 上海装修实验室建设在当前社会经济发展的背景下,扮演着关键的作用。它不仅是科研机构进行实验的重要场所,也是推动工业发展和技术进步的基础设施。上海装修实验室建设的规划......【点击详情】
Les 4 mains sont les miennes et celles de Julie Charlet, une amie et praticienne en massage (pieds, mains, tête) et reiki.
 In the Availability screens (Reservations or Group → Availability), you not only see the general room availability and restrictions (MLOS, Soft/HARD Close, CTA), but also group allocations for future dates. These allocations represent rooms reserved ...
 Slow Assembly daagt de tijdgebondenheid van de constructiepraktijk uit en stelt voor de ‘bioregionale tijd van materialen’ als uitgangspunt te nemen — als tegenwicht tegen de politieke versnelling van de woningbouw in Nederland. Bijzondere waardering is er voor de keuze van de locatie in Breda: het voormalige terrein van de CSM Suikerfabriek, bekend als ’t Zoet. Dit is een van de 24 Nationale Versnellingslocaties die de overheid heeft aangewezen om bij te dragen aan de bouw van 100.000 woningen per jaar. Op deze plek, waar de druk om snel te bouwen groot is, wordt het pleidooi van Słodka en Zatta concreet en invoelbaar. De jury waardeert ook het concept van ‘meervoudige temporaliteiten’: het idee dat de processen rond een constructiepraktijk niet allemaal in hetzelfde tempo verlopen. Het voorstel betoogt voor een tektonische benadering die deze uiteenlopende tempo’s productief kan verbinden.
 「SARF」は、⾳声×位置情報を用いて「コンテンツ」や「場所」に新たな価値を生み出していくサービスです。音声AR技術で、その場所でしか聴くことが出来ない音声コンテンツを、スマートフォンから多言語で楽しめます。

○ ○ ○ ○

Every entry shown above should be written out again without a single difference.

TASK RESPONSE:
 上海装修实验室建设在当前社会经济发展的背景下,扮演着关键的作用。它不仅是科研机构进行实验的重要场所,也是推动工业发展和技术进步的基础设施。上海装修实验室建设的规划......【点击详情】
Les 4 mains sont les miennes et celles de Julie Charlet, une amie et praticienne en massage (pieds, mains, tête) et reiki.
 In the Availability screens (Reservations or Group → Availability), you not only see the general room availability and restrictions (MLOS, Soft/HARD Close, CTA), but also group allocations for future dates. These allocations represent rooms reserved ...
 Slow Assembly daagt de tijdgebondenheid van de constructiepraktijk uit en stelt voor de ‘bioregionale tijd van materialen’ als uitgangspunt te nemen — als tegenwicht tegen de politieke versnelling van de woningbouw in Nederland. Bijzondere waardering is er voor de keuze van de locatie in Breda: het voormalige terrein van de CSM Suikerfabriek, bekend als ’t Zoet. Dit is een van de 24 Nationale Versnellingslocaties die de overheid heeft aangewezen om bij te dragen aan de bouw van 100.000 woningen per jaar. Op deze plek, waar de druk om snel te bouwen groot is, wordt het pleidooi van Słodka en Zatta concreet en invoelbaar. De jury waardeert ook het concept van ‘meervoudige temporaliteiten’: het idee dat de processen rond een constructiepraktijk niet allemaal in hetzelfde tempo verlopen. Het voorstel betoogt voor een tektonische benadering die deze uiteenlopende tempo’s productief kan verbinden.
 「SARF」は、⾳声×位置情報を用いて「コンテンツ」や「場所」に新たな価値を生み出していくサービスです。音声AR技術で、その場所でしか聴くことが出来ない音声コンテンツを、スマートフォンから多言語で楽しめます。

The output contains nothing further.